Often, journalists would write about your brand, and people who mention the news may share through word of mouth or social media, thus increasing the amount of recognition. 

Earned media does come associated with costs. Many startups will purchase media lists (list of journalist emails to pitch), hire a public relations (PR) firm or purchase a social listening tool to help spread the word on their behalf.

But how do you measure success for earned media?

The most common way is through a metric called advertising value equivalency (AVE).
Simply put, it is the calculation of what it would have costed in advertising spend for your campaign to reach the same number of people.

An example of this can be found in Digiday’s interview with Parachute, where they received the same number of viewers through a $20,000 PR campaign, while it would have cost them $2 million in digital advertising.

Owned Media

Owned media is exactly how it sounds, media channels that are owned by a brand. Whether it’s a blog (like ours), website or social media (Facebook, LinkedIn, Instagram), the more owned media channels a brand has, the larger its digital footprint will be.

Most companies will have someone in-house who will manage these channels to inform a brand’s following of any news, product updates, post-sale of a company or customer acquisitions.

Pros and Cons of each

The “unquantifiable” metric that earned media does is that it offers credibility. While your social media presence can show off personality and design chops. At the end of the day, you are self-promoting. Neither provides a stamp of validation from a neutral, third-party source which is where earned media generally comes in.

Paid media generally comes with a high price tag to take full advantage, making it unrealistic for some companies to spend that high amount for little leads.
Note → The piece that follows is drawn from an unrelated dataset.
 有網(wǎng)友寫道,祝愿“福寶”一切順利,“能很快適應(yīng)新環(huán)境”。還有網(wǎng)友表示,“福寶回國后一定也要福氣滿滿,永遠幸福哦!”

Although earned media is technically considered “free”, it still has costs associated with it, and it does take time to start featuring in high-tier industry publications as you will have to build relationships with reporters at these publications.

Why you need all three

Since each comes with its pros and cons, it is important to utilize all three to create a well-oiled machine that will support your sales and marketing goals. If you have a blog article that is gaining traction, try to boost it with LinkedIn Ads so that you can capitalize on its popularity to generate leads. 

If you’re planning on sharing some upcoming news (like an announcement or product update), try running all three by creating a piece of blog content to discuss more in-depth on the news, pitch the news to reporters who would be interested in covering and run an advertising campaign to gain more publicity on the news.

Publicity will legitimize your company as a notable player in the industry. By utilizing all three streams of media, you will be able to track more in-depth information and set KPIs that will all influence one another.